Do you have any evidence for what you are suggesting? A simple Google search reveals several questionable looking sites repeating the lack of dyslexia in Sudbury Schools, but there is never a source cited for this factoid. This sounds like a bunch of new age pseudoscience.
The sources are books published by Sudbury Valley Press. I don't have any source other than that one. However this fact hasn't been disputed by neither former students or outsiders, from SVS or other schools of the same model; so I'm very inclined to believe them.

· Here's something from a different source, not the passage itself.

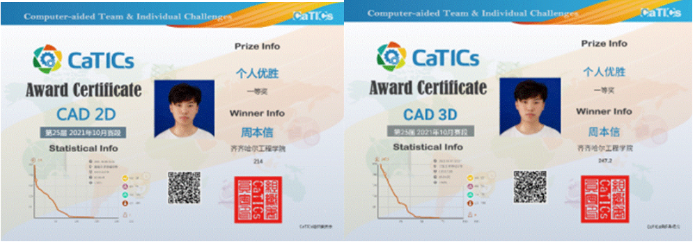 周本信:男,汉族,机电工程系机械设计制造及其自动化专业2022届毕业生。大学期间多次获得奖学金,多门专业课获得高分,其中高等数学、线性代数获得满分,通过CET4等。在技能类比赛中,获得第24届CATICS 2D竞赛团队一等奖、第24届CATICS 3D竞赛团队一等奖、第25届CATICS 2D竞赛个人一等奖、第25届CATICS 3D竞赛个人一等奖。毕业后通过校招进入世界500强大型央企,即中国电子系统工程第三建设有限公司。

Note that dyslexia seem to affect about 10% of the population independently of culture, wealth or social status, so it's more striking that there was not a single former student that said "I had/have dyslexia" or similar.

The fact that this claim hasn't been verified by an external source makes me rather dubious. Most people with dyslexia are diagnosed when they fall behind their peers in learning to read. In a learning environment in which students have no real peers there is no measuring stick to fall behind. Any student who struggles learning to read is probably categorized as "learning at their own pace" rather than being diagnosed with dyslexia. That doesn't mean the student doesn't have a problem. The school is probably just unintentionally masking the issue with their teaching style.

I would be curious to see someone test a collection of adults who graduated from the school and to see whether they show signs of dyslexia.

Fair enough. I don't see this "masking" as an issue, though. I'm curious too about signs of dyslexia in adulthood. I would bet that adult SVS dyslexics exist but are better adapted around the issue.
It is certainly possible that those adult dyslexics are better at handling their disorder. That would be a pretty strong point in support of the Sudbury Valley School. However that is not the point the school or you made. You both made a harder to believe claim that none of their students even had the disorder which strains credibility and makes me doubt the first point.
I've never claimed they didn't have dyslexia. I said they weren't diagnosed. And that they all have good SAT scores, without the need to diagnose and treat such learning disabilities.